Nineteen-year-old Zippy can hardly believe she’s the newest and youngest salesgirl at I. Magnin, “San Francisco’s Finest Department Store.” Every week, she rotates her three spruced-up Salvation Army outfits and Vaseline-shined pumps; still, she’s thrilled to walk those pumps through the employee entrance five days a week as she saves to buy something new. For a girl who grew up in a one-bedroom apartment above a liquor store with her mother and her mother’s madcap boyfriend, Howard; a girl who wanted to go to college but had no help in figuring out how; I. Magnin represents a real chance for a better and more elegant life. Or, at the very least, a more interesting one.
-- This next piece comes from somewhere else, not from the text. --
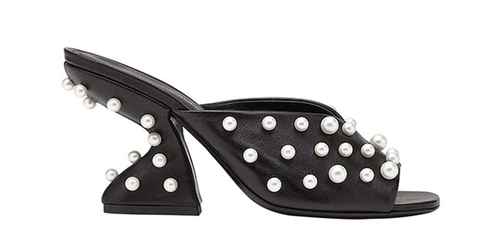 白+黑的经典搭配,采用珍珠元素做装饰,结合超有雕塑感的鞋跟造型,设计精美又有艺术感。

Zippy may not be in school, but she’s about to get an education that will stick with her for decades. Her fellow salesgirls (lifetime professionals) run the gamut from mean and indifferent to caring and helpful. The cosmetics ladies on the first floor share both samples and advice (“only date a man with a Rolex”); and her new roommate, Raquel, an ambitious lawyer, tells Zippy she can lose ten pounds easy if she joins Raquel in eating only every other day. Just when Zippy thinks she’s getting a handle on how to be an adult woman in 1985, two surprises threaten both her sense of self and her coveted position at I. Magnin.
Set in the Day-Glo colors of 1980s San Francisco, Shopgirls is an intoxicating novel of self-discovery, outrageous fashion, and family both biological and found."